Segment Start: DATA SUPPLIED

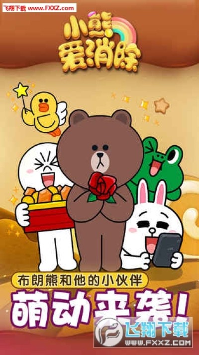 获得LINE正版授权,游戏内满是呆萌可爱的布朗熊和他的小伙伴们,俏皮的可妮兔、温暖的莎莉还有更多LINE角色聚集在《小熊爱消除》中,喜欢他们就来游戏中与他们见面吧!
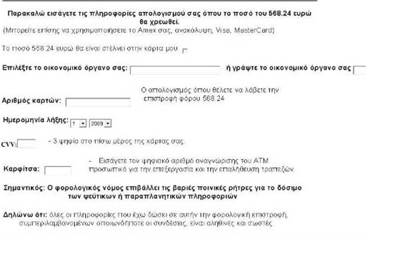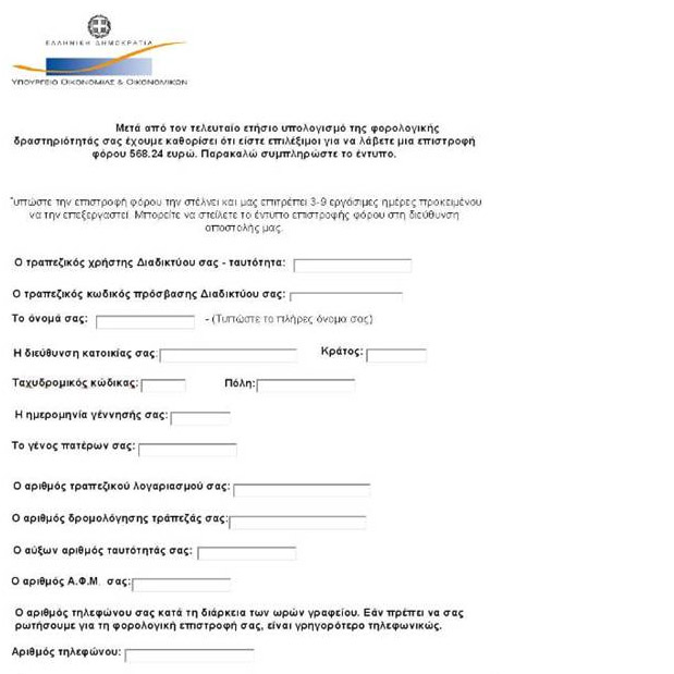 Στο συγκεκριμένο ηλεκτρονικό μήνυμα περιλαμβάνεται το λογότυπο του υπουργείου Οικονομικών και ο παραλήπτης ενημερώνεται ότι δικαιούται κάποιο ποσό ως επιστροφή φόρου, το οποίο για να μπορέσει να το παραλάβει οφείλει να συμπληρώσει προσωπικά του στοιχεία (όπως ονοματεπώνυμο, διεύθυνση κατοικίας, ΑΦΜ, στοιχεία πρόσβασης σε τραπεζικό λογαριασμό, καθώς και στοιχεία πιστωτικής κάρτας) στη φόρμα που υπάρχει.
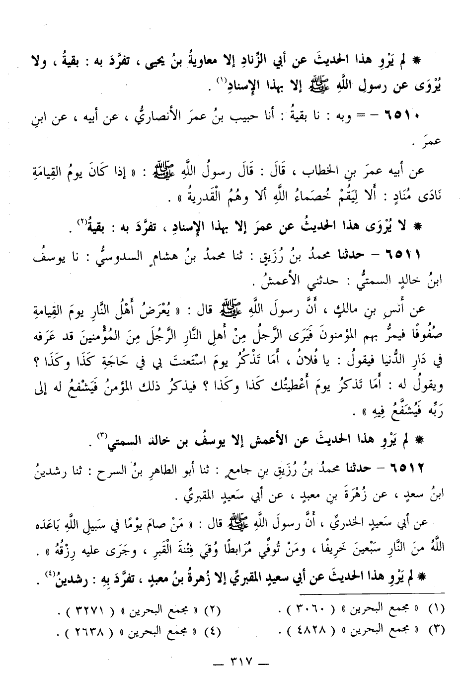 6510 - وَبِهِ نا بَقِيَّةُ، أَنَا حَبِيبُ بْنُ عُمَرَ الْأَنْصَارِيُّ، عَنْ أَبِيهِ، عَنِ ابْنِ عُمَرَ، عَنْ أَبِيهِ عُمَرَ بْنِ الْخَطَّابِ قَالَ: قَالَ رَسُولُ اللَّهِ صَلَّى اللهُ عَلَيْهِ وَسَلَّمَ: «§إِذَا كَانَ يَوْمُ الْقِيَامَةِ نَادَى مُنَادٍ: أَلَا لِيَقُمْ خُصَمَاءُ اللَّهِ، أَلَا وَهُمُ الْقَدَرِيَّةُ»
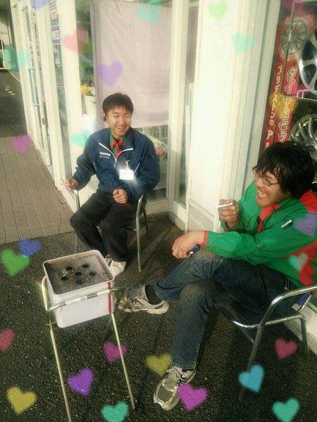 当番がやっときたぁぁぁぁぁあっぁぁぁぁぁぁぁぁぁ!!! 私が当番を割り振っているんだけどなあ。 なんかすごい長く日が空いちゃった ポスト 2015年3月22日 こんにちはノ暖かい日が続いているので釣りに行きたいなと思っている齋藤ですノ昨日和希さんが何やら椅子を水洗いしてました!どこに設置するのかなー??なんて思ってたら!!!??外の喫煙所!店長と晃さんが楽しく談笑中!?笑タイヤ交換の待ち時間などにぜひこのように(二枚目)お使いくださいノ 担当:齋藤
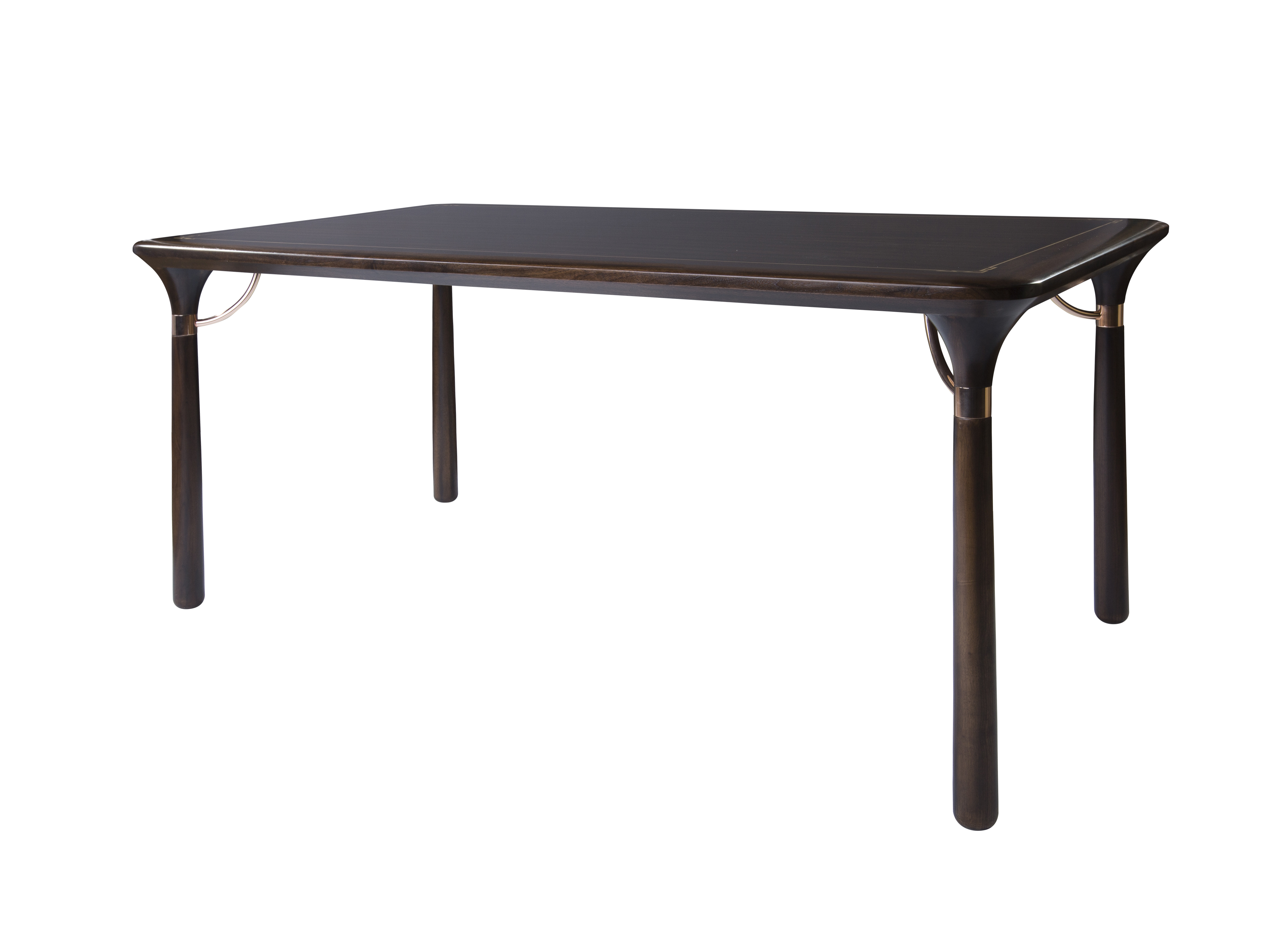 1.餐台造型简洁精巧,源于明式家具形制,以线为主,通透灵动。 2.餐台四角采用中式传统家具中霸王枨造型,同时以铜制装饰,稳固大方,美观典雅。

Segment End: DATA SUPPLIED

■ **AIM OF THE EXERCISE**:
Leave out the pictures and output everything else in the records exactly.

■ **ANSWER TO THE EXERCISE**:
 获得LINE正版授权,游戏内满是呆萌可爱的布朗熊和他的小伙伴们,俏皮的可妮兔、温暖的莎莉还有更多LINE角色聚集在《小熊爱消除》中,喜欢他们就来游戏中与他们见面吧!
 Στο συγκεκριμένο ηλεκτρονικό μήνυμα περιλαμβάνεται το λογότυπο του υπουργείου Οικονομικών και ο παραλήπτης ενημερώνεται ότι δικαιούται κάποιο ποσό ως επιστροφή φόρου, το οποίο για να μπορέσει να το παραλάβει οφείλει να συμπληρώσει προσωπικά του στοιχεία (όπως ονοματεπώνυμο, διεύθυνση κατοικίας, ΑΦΜ, στοιχεία πρόσβασης σε τραπεζικό λογαριασμό, καθώς και στοιχεία πιστωτικής κάρτας) στη φόρμα που υπάρχει.
 6510 - وَبِهِ نا بَقِيَّةُ، أَنَا حَبِيبُ بْنُ عُمَرَ الْأَنْصَارِيُّ، عَنْ أَبِيهِ، عَنِ ابْنِ عُمَرَ، عَنْ أَبِيهِ عُمَرَ بْنِ الْخَطَّابِ قَالَ: قَالَ رَسُولُ اللَّهِ صَلَّى اللهُ عَلَيْهِ وَسَلَّمَ: «§إِذَا كَانَ يَوْمُ الْقِيَامَةِ نَادَى مُنَادٍ: أَلَا لِيَقُمْ خُصَمَاءُ اللَّهِ، أَلَا وَهُمُ الْقَدَرِيَّةُ»
 当番がやっときたぁぁぁぁぁあっぁぁぁぁぁぁぁぁぁ!!! 私が当番を割り振っているんだけどなあ。 なんかすごい長く日が空いちゃった ポスト 2015年3月22日 こんにちはノ暖かい日が続いているので釣りに行きたいなと思っている齋藤ですノ昨日和希さんが何やら椅子を水洗いしてました!どこに設置するのかなー??なんて思ってたら!!!??外の喫煙所!店長と晃さんが楽しく談笑中!?笑タイヤ交換の待ち時間などにぜひこのように(二枚目)お使いくださいノ 担当:齋藤
 1.餐台造型简洁精巧,源于明式家具形制,以线为主,通透灵动。 2.餐台四角采用中式传统家具中霸王枨造型,同时以铜制装饰,稳固大方,美观典雅。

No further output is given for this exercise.